GIVEN DATA -
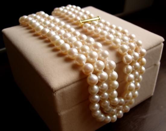 Stunning THREE STRAND GENUINE AKOYA WHITE PEARL NECKLACE MWF1042
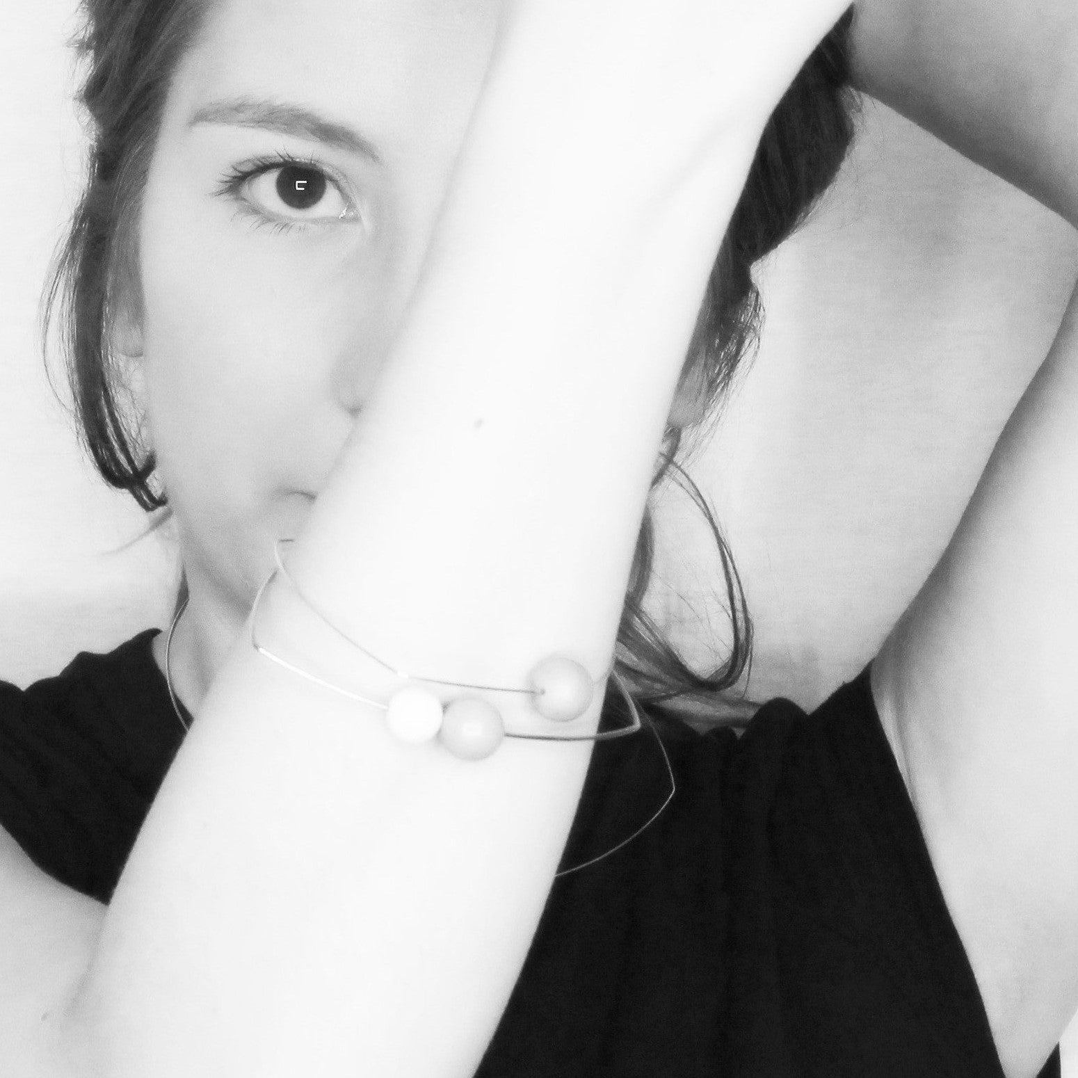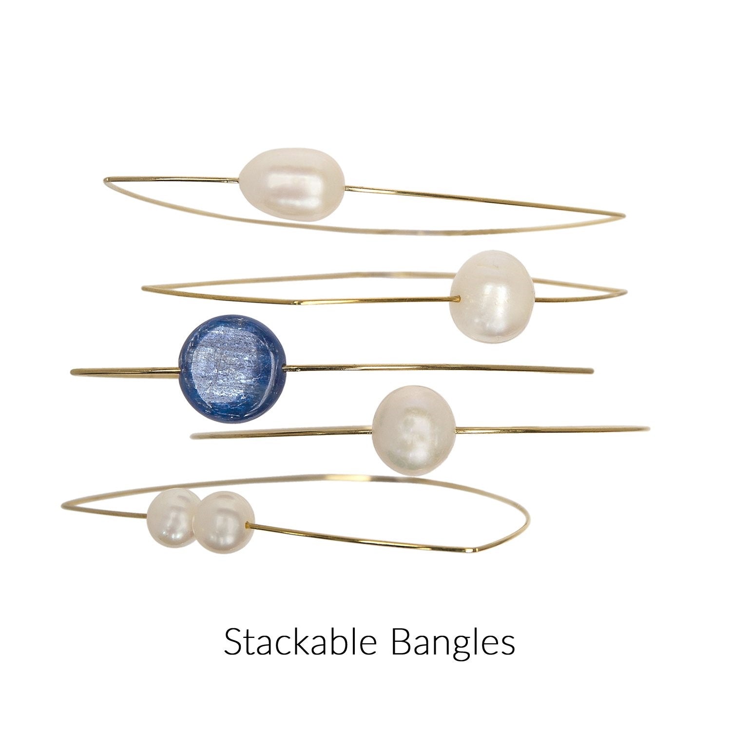 A hand-cut gem and a pearl sit together on this rounded square wire bangle. Absolutely lovely on its own or wear stacked with our other bangles to create some stylish shapes!
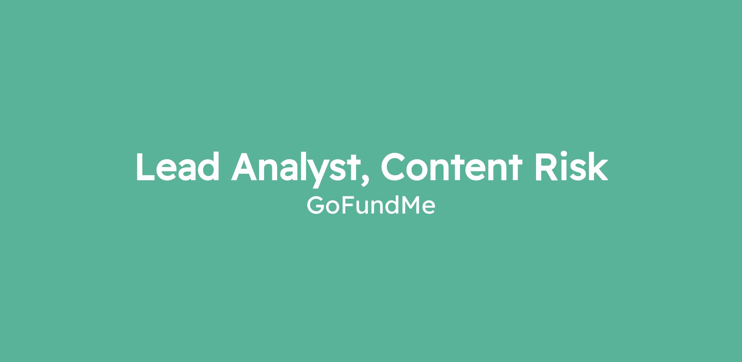 Join us! The GoFundMe team is searching for our next Content Risk Lead Analyst to join our growing Trust & Safety team. This role plays a critical part in protecting our customers from fraud and misuse while ensuring GoFundMe remains a safe and trusted platform. Lead Analysts operate as leaders and subject matter experts, driving operational excellence, cross-functional collaboration, and high-impact initiatives that safeguard our community and brand.
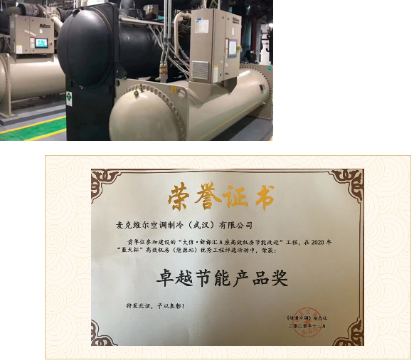 此次项目更新改造采用了3台高效变频离心机、3套冷凝器在线清洗装置,并通过全过程智能控制系统使得节能率达32%,用实际运行数据获得了“中国建筑科学院和暖通杂志”举办的“蓝天杯”高效机房节能产品奖,也彰显出麦克维尔在行业中高效节能的品牌实力。
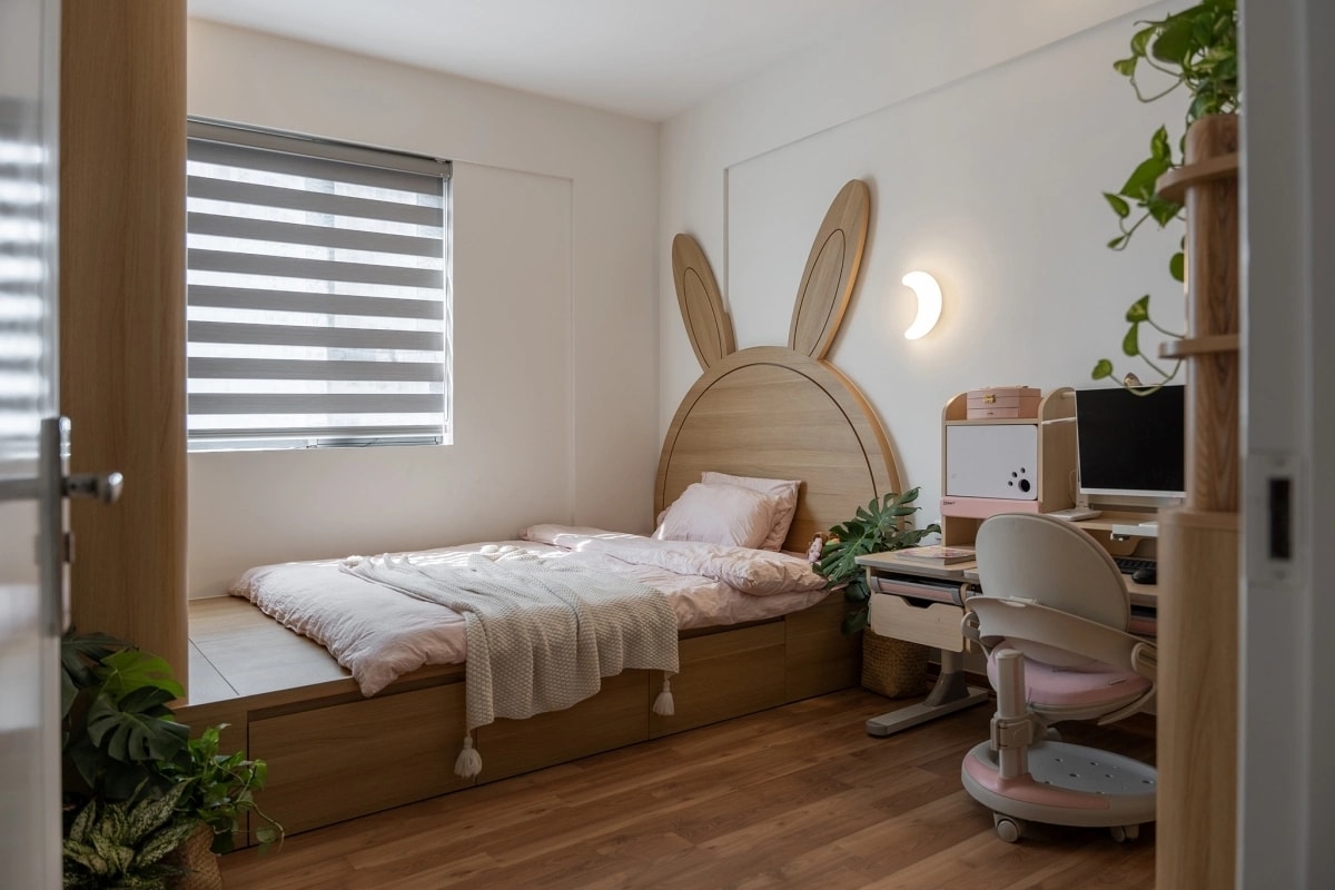 Phòng ngủ bé gái gây ấn tượng nhờ chiếc giường gỗ tích hợp hộc kéo tiện lợi, nổi bật với phần đầu giường hình tròn và đôi tai thỏ ngộ nghĩnh. Bàn học đặt cạnh giường với thiết kế gọn gàng, đi kèm ghế ngồi điều chỉnh được độ cao, giúp bé học tập thoải mái và an toàn.
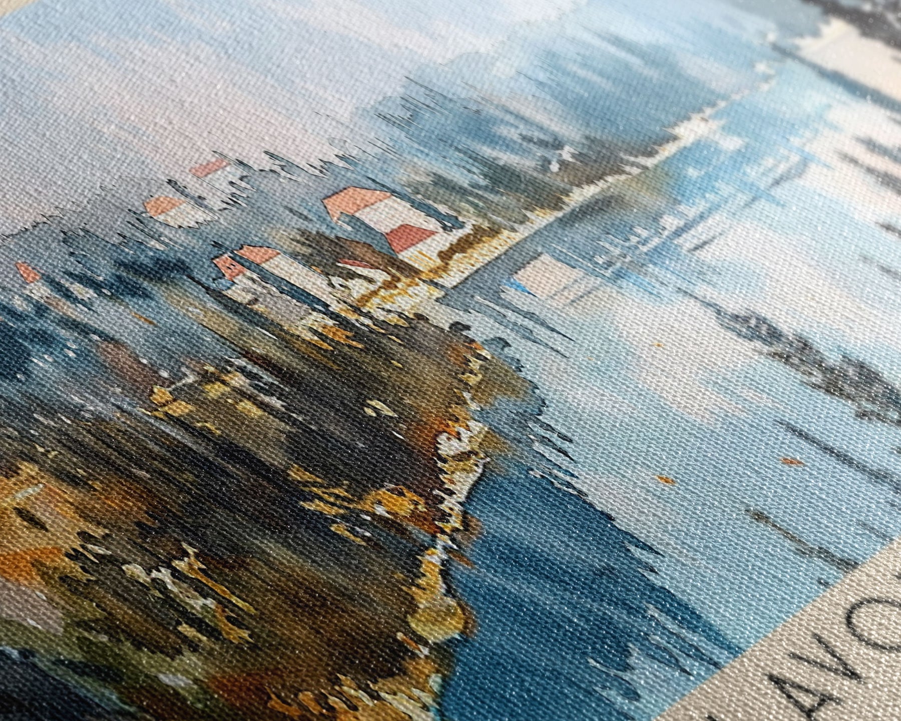 Most of our canvases are made in the USA, with the exception of canvases ordered with the light oak unstained frames, and any large canvases (24x48, 30x60, 16x48 and 20x60) ordered WITH a frame. These are temporarily made in and shipped from Europe, while we try to find a more consistent supplier in the USA.
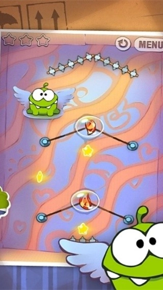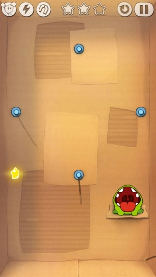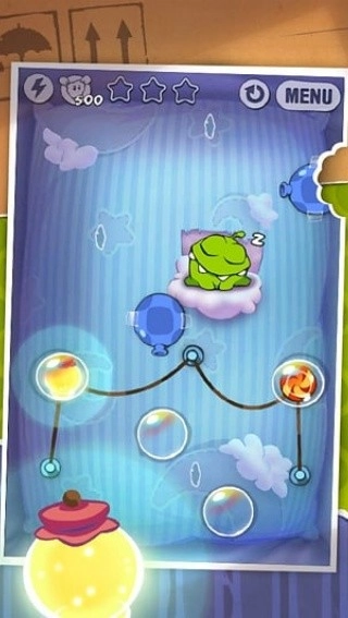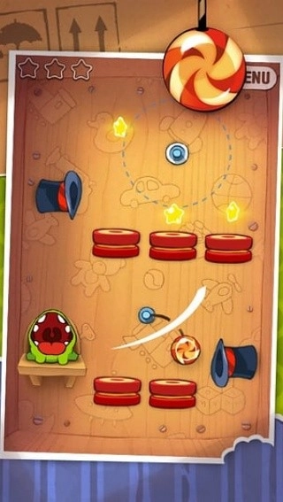2、进入关卡通过切割绳子,获得全部的星星。

EXERCISE DIRECTIONS - Each line from the one containing "此次项目更新改造采用了3台高" through the last line of the listing must be copied exactly, and the pictures must not be.

RESULT FOR THIS TASK -
 此次项目更新改造采用了3台高效变频离心机、3套冷凝器在线清洗装置,并通过全过程智能控制系统使得节能率达32%,用实际运行数据获得了“中国建筑科学院和暖通杂志”举办的“蓝天杯”高效机房节能产品奖,也彰显出麦克维尔在行业中高效节能的品牌实力。
 Phòng ngủ bé gái gây ấn tượng nhờ chiếc giường gỗ tích hợp hộc kéo tiện lợi, nổi bật với phần đầu giường hình tròn và đôi tai thỏ ngộ nghĩnh. Bàn học đặt cạnh giường với thiết kế gọn gàng, đi kèm ghế ngồi điều chỉnh được độ cao, giúp bé học tập thoải mái và an toàn.
 Most of our canvases are made in the USA, with the exception of canvases ordered with the light oak unstained frames, and any large canvases (24x48, 30x60, 16x48 and 20x60) ordered WITH a frame. These are temporarily made in and shipped from Europe, while we try to find a more consistent supplier in the USA.
2、进入关卡通过切割绳子,获得全部的星星。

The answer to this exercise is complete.